# Milestone 3 : Exploratory Data Analysis

In [15]:
import ipykernel
from db_utils import RDSDatabaseConnector
from db_utils import load_dataframe
from EDA_classes import DataTransform
from EDA_classes import DataFrameInfo
from EDA_classes import Plotter
from EDA_classes import DataframeTransform

import pandas as pd
from scipy.stats import chi2_contingency # type: ignore
from scipy.stats import normaltest # type: ignore
pd.options.mode.chained_assignment = None  # default='warn'
from scipy.stats import linregress # type: ignore

connect = RDSDatabaseConnector()
failure_df = load_dataframe()



ModuleNotFoundError: No module named 'numpy.strings'

### Task 1 : Convert Columns to correct format
Now that you have familiarised yourself with the data we want to alter any columns that aren't in the correct format. Are there columns that could be represented better numerically, are dates in the correct format, should some columns be categorical? Are there any excess symbols in the data?

If there are columns which you think should be converted into a different format, create a DataTransform class to handle these conversions. Within the DataTransform class add methods which you can apply to your DataFrame columns to perform any required conversions.

In [None]:
transform_dataset = DataTransform(failure_df)
transform_dataset.auto_to_boolean()
transform_dataset.manual_to_categorical('Type')

### Task 2 : Create DataframeInfo class

After converting your columns to a more appropriate format you may want to develop a class to extract information from the DataFrame and its columns. Create a DataFrameInfo class which will contain methods that generate useful information about your DataFrame.


Some useful utility methods you might want to create that are often used for EDA tasks are:

- Describe all columns in the DataFrame to check their data types
- Extract statistical values: median, standard deviation and mean from the columns and the DataFrame
- Count distinct values in categorical columns
- Print out the shape of the DataFrame
- Generate a count/percentage count of NULL values in each column
- Any other methods you may find useful
Creating a class like this will be useful in the future since these are common tasks for performing EDA on any dataset.

In [None]:
info = DataFrameInfo(failure_df)

### Task 3 : Remove/impute missing values in the data
An important EDA task is to impute or remove missing values from the dataset. Missing values can occur due to a variety of reasons such as data entry errors or incomplete information.

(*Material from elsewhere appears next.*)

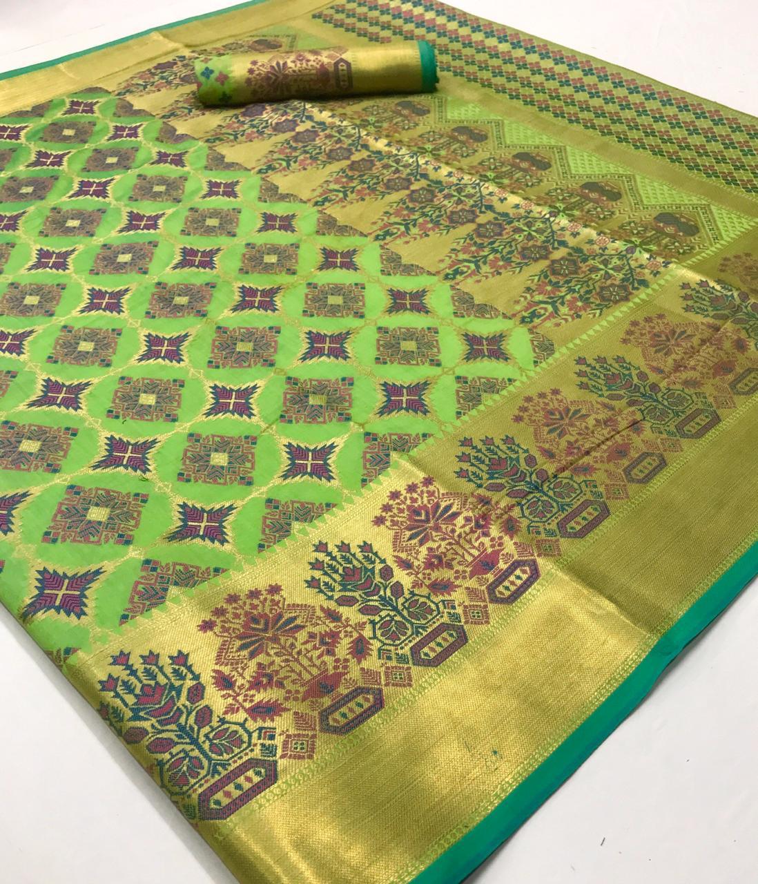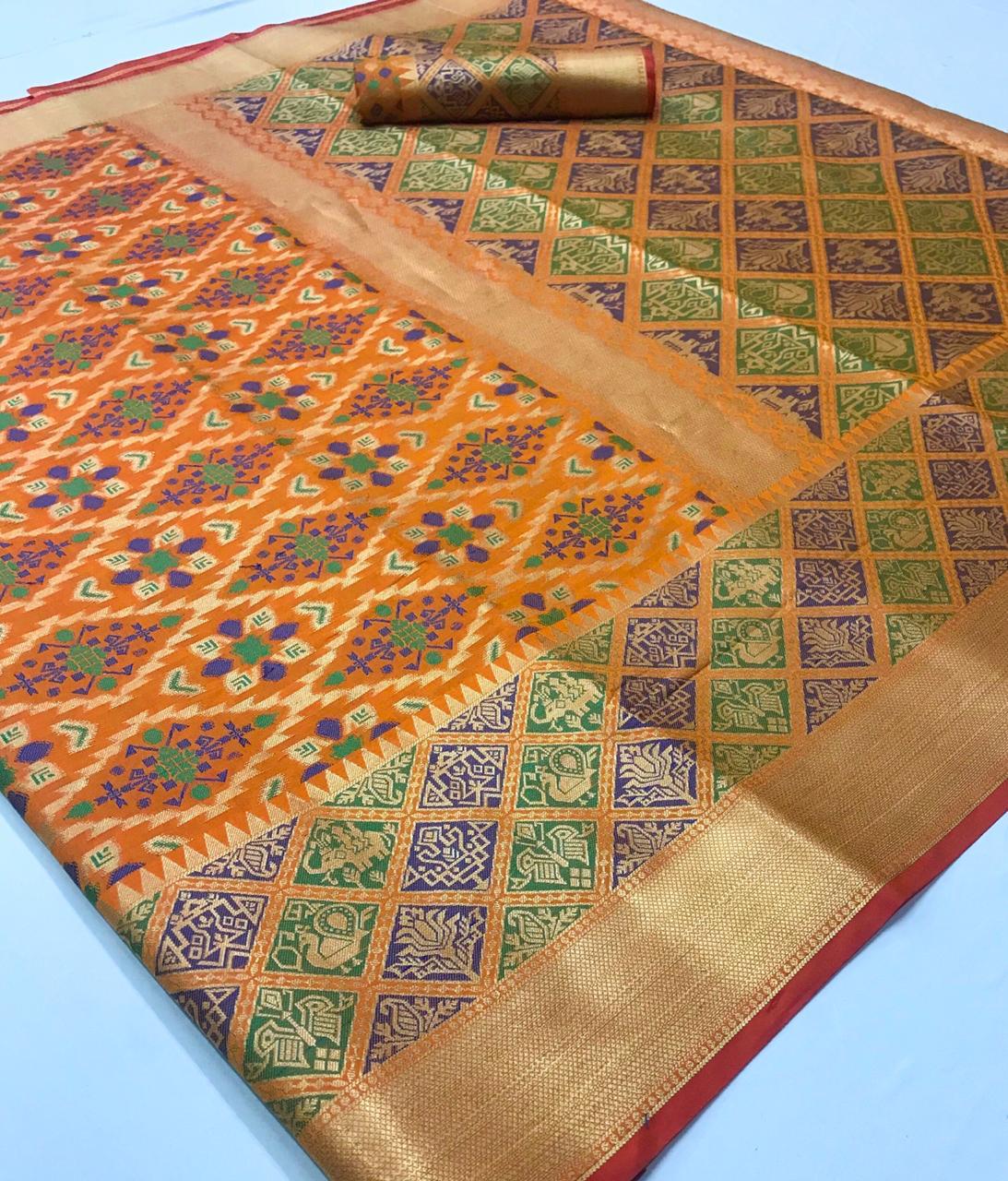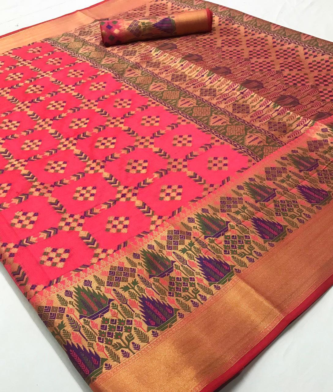 *KADAMPALLI SILK* by Raj Tex _*Heavy Traditonal Patola*_ Rate -1195? per Pcs . Set & Loose. Series -102001 to 102008. GST 5 Percent Extra Delivery from today Single extra ? |

During this task, you will first identify the variables with missing values and determine the percentage of missing values in each variable. Depending on the extent of missing data, you may choose to either impute the missing values or remove them from the dataset.

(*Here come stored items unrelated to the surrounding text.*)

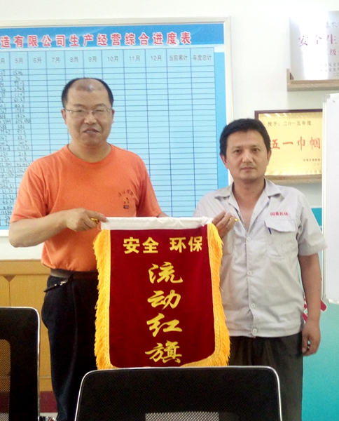 在6月30日上午的安全例會(huì )上,公司首次舉行“安全、環(huán)保流動(dòng)紅旗”授旗儀式。機修車(chē)間副主任王朝陽(yáng)接過(guò)生產(chǎn)副經(jīng)理王茂榮授予的紅旗,激動(dòng)不已,與會(huì )人員則給予熱烈的掌聲,向先進(jìn)致敬。
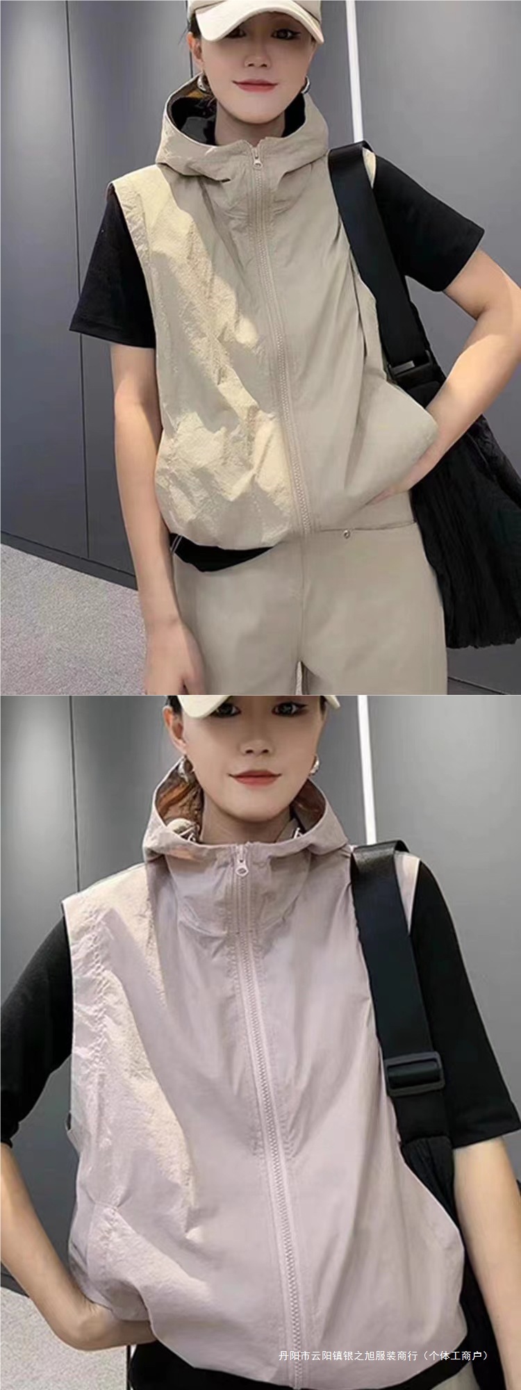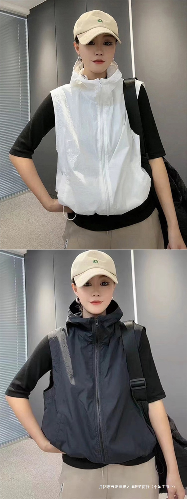 후드 민소매 통기성 재킷 조끼 재킷 여성 2024 봄, 여름 새로운 태양 보호 재킷 다목적 캐주얼 탑 카디건스토어 가기
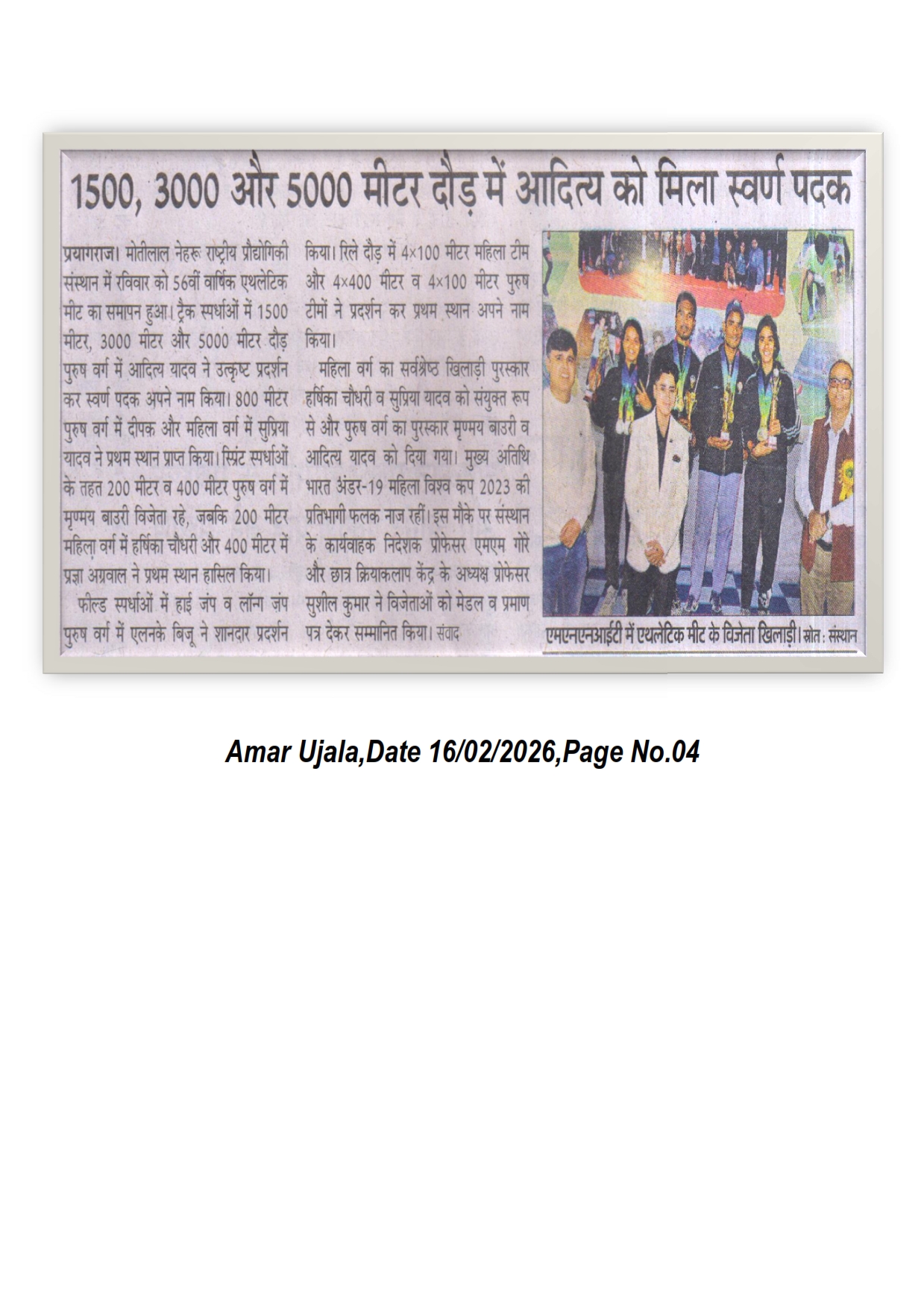 मोतीलाल नेहरु राष्ट्रीय प्रौद्योगिकी संस्थान इलाहाबाद में रविवार को 56वीं वार्षिक एथलेटिक मीट का समापन हुआ। ट्रैक स्पर्धाओं में 1500 मीटर, 3000 मीटर और 5000 मीटर दौड़ में पुरुष वर्ग में आदित्य यादव ने उत्कृष्ट प्रदर्शन कर स्वर्ण पदक अपने नाम किया। मुख्य अतिथि भारत अंडर-19 महिला विश्व कप 2023 की प्रतिभागी फलक नाज रहीं। इस मौके पर संस्थान के कार्यवाहक निदेशक प्रो. एम. एम. गोरे और छात्र क्रियाकलाप केन्द्र के अध्यक्ष प्रो. सुशील कुमार ने विजेताअें को मेडल व प्रमाण पत्र देकर सम्मानित किया। [Amar Ujala 16-02-2026, Page No. 04]-B
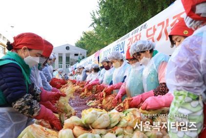 서울복지타임즈 이득형 기자 | 대구 수성구새마을회는 7일 수성구청 주차장에서 ‘사랑의 김장 나누기’ 행사를 개최하고 지역의 어려운 어르신 등 800여 세대에 김장김치를 전달했다.
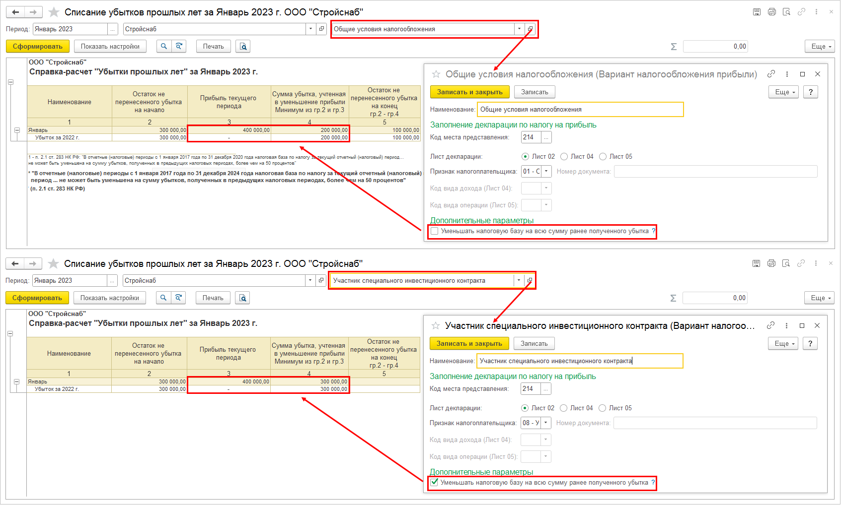 Если признак Уменьшать налоговую базу на всю сумму ранее полученного убытка в карточке элемента

If the percentage of missing data is relatively small, you may choose to impute the missing values using statistical methods such as mean or median imputation. Alternatively, if the percentage of missing data is large or if the missing data is not missing at random, you may choose to remove the variables or rows with missing data entirely.

#### Step 1 : Create Plotter and DataTransform Classes (find in EDA_classes)
- A Plotter class to visualise insights from the data
- A DataFrameTransformclass to perform EDA transformations on your data

In [None]:
plot = Plotter(failure_df)
transform = DataframeTransform(failure_df)

#### Step 2 : Use a method/function to determine the amount of NULLs in each column. Determine which columns should be dropped and drop them.

In [None]:
info.percentage_null()
print(info.find_columns_with_missing_values())

The three columns with missing values are Tool wear, Air temp and Process temp which are all numerical columns
The percentage of missing values does not exceed 10% in any of the columns so there is no reason to drop any columns

#### Step 3 : Within your DataFrameTransform class create a method which can impute your DataFrame columns. 
Decide whether the column should be imputed with the median or the mean and impute the NULL values.

We need to determine if the missing data is missing at random or not missing at random as this will determine whether we choose to remove rows or impute data.

First lets get an overview of the correlation between the numerical columns

In [None]:
plot.correlation_matrix()

From the heatmap we can see that:
- Air Temperature and Process Temperature are strongly correlated as expected
- Tool wear doesn't have strong correlation with any other values

Due to having no significant correlation, we can probably risk concluding that Tool wear is missing at random and that we can impute the missing values.
To decide what to impute the missing value with, lets look at the distribution...

In [None]:
plot.kde_plot('Tool wear [min]')
info.manual_extract_stats('Tool wear [min]')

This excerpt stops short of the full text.